## Dataset content:
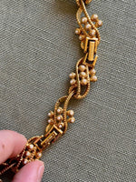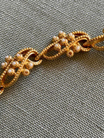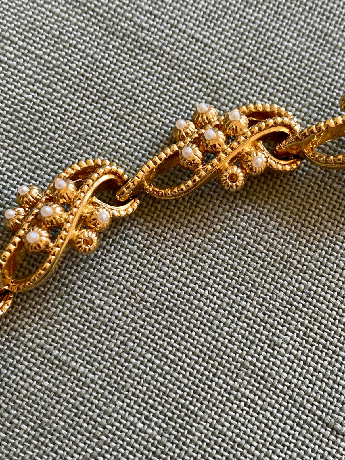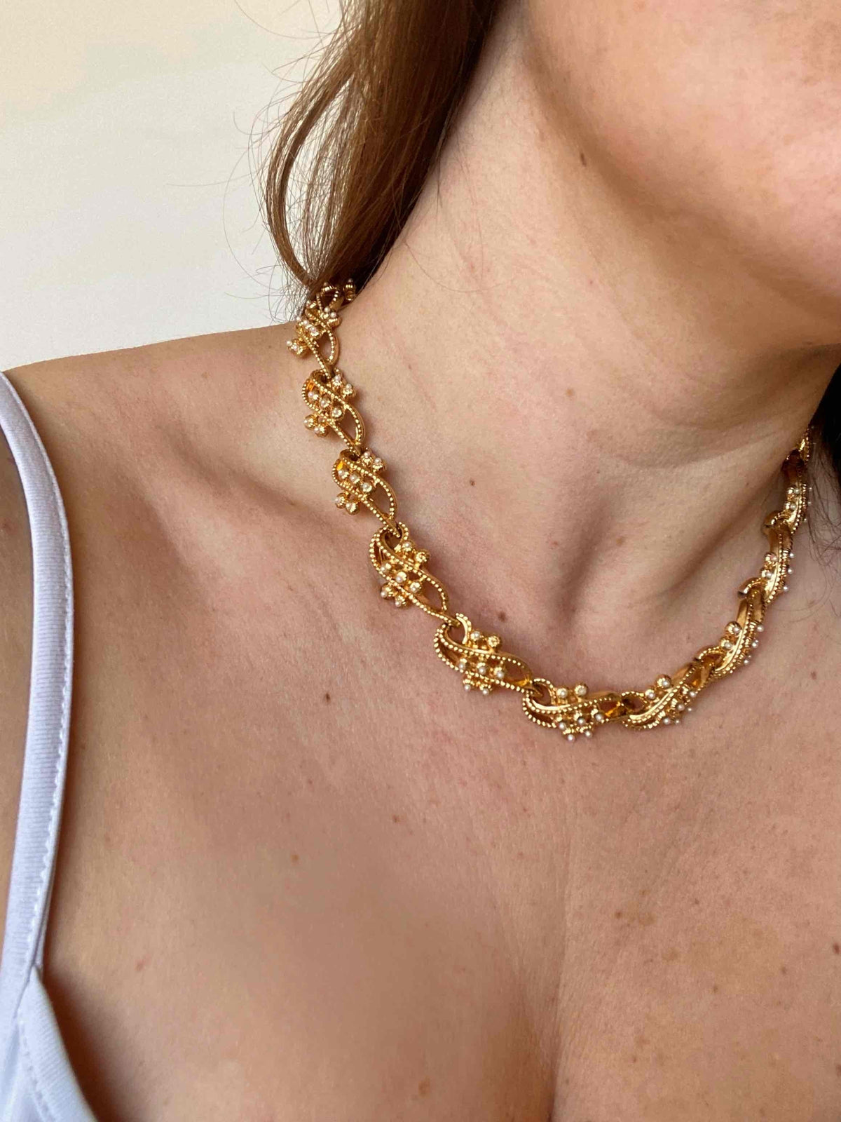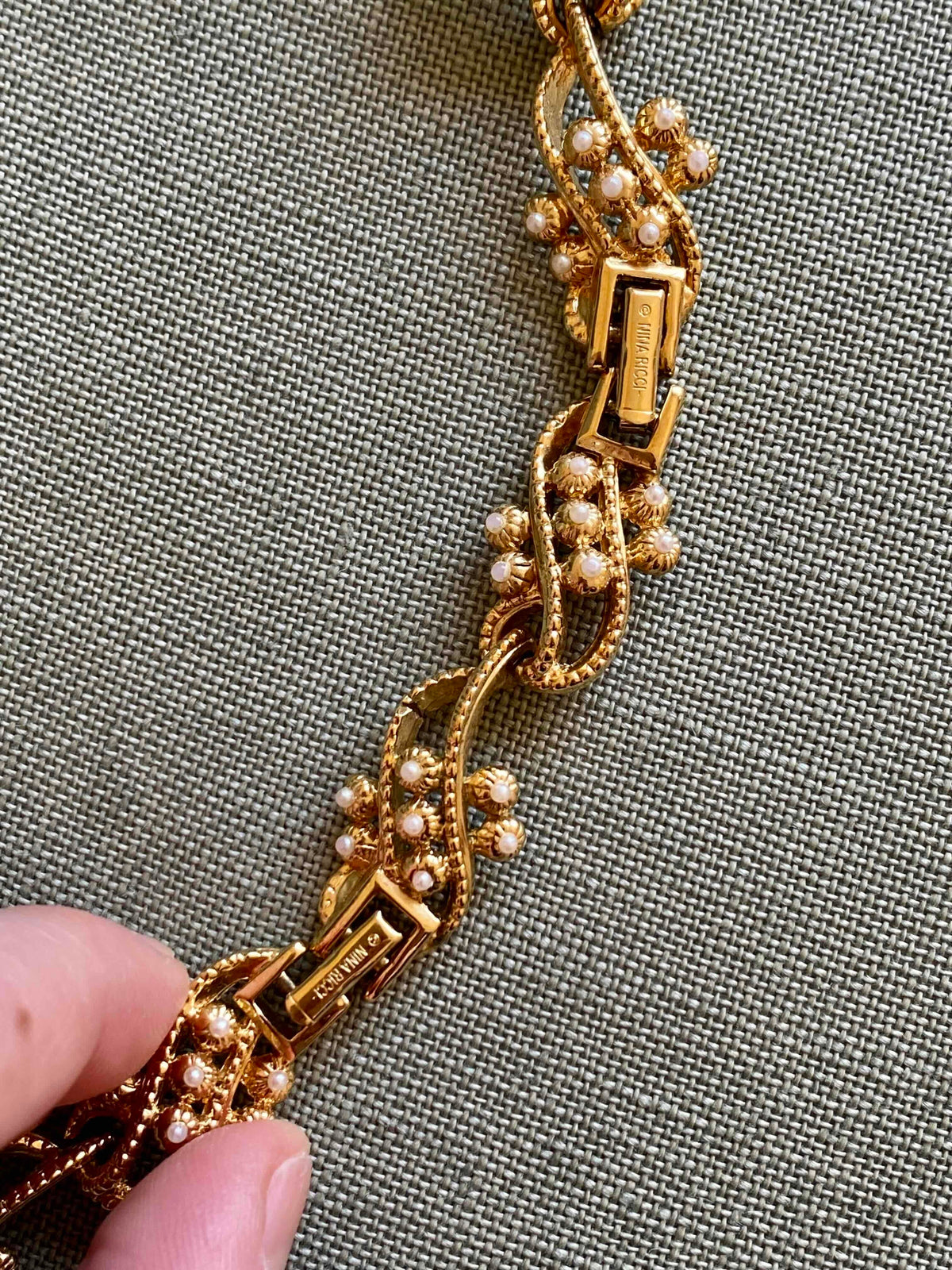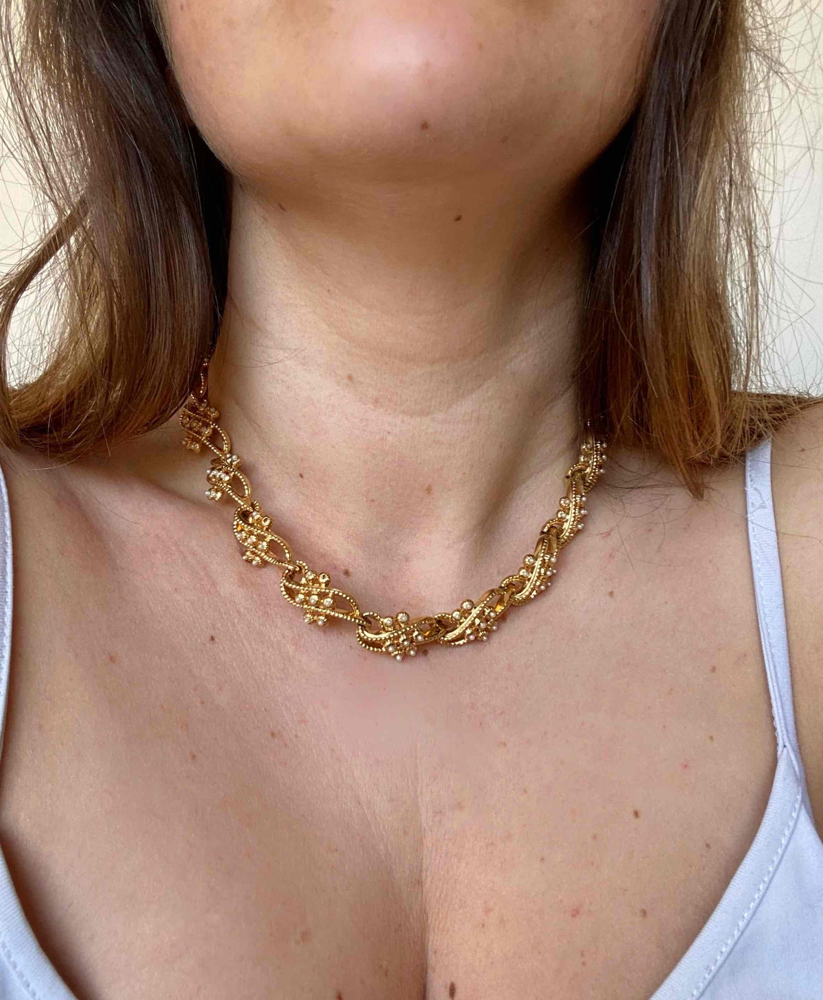 Prix unitaire parCollier filigrané Nina Ricci, ras de cou, en plaqué or et minis perles nacrées, motifs maillons fils torsadés fleuris, deux fermoir gravés Nina Ricci, fabriqué en France, longueur 42cm.
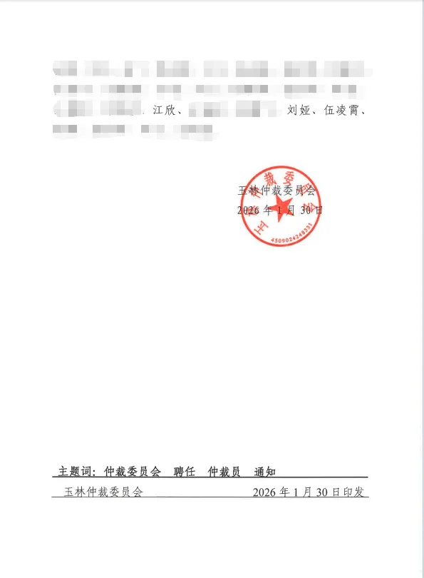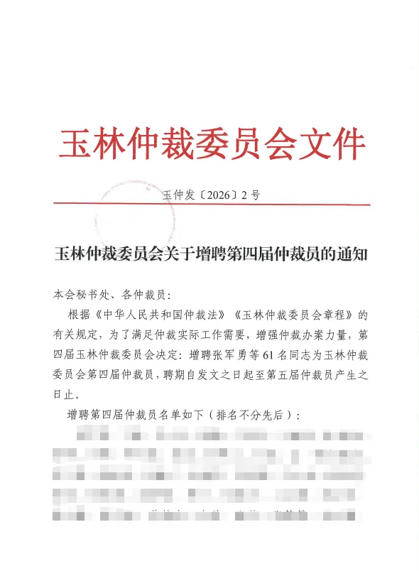 近日,为满足仲裁实际工作需要,增强仲裁办案力量,第四届玉林仲裁委员会增聘61名同志为玉林仲裁委员会第四届仲裁员。兰台长沙办公室执行主任、高级合伙人江欣律师;高级合伙人刘娅律师;合伙人伍凌霄律师增聘为仲裁员。
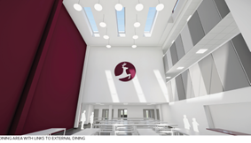 The main dining area is located on the ground floor, providing a focal point for school life. Pupils will move through this congregation space and can then access the relevant parts of the school, or flow towards the external play areas as required.

## Exercise directions:
Start to finish, write out the data above exactly, omitting all pictures.

## Result:
 Prix unitaire parCollier filigrané Nina Ricci, ras de cou, en plaqué or et minis perles nacrées, motifs maillons fils torsadés fleuris, deux fermoir gravés Nina Ricci, fabriqué en France, longueur 42cm.
 近日,为满足仲裁实际工作需要,增强仲裁办案力量,第四届玉林仲裁委员会增聘61名同志为玉林仲裁委员会第四届仲裁员。兰台长沙办公室执行主任、高级合伙人江欣律师;高级合伙人刘娅律师;合伙人伍凌霄律师增聘为仲裁员。
 The main dining area is located on the ground floor, providing a focal point for school life. Pupils will move through this congregation space and can then access the relevant parts of the school, or flow towards the external play areas as required.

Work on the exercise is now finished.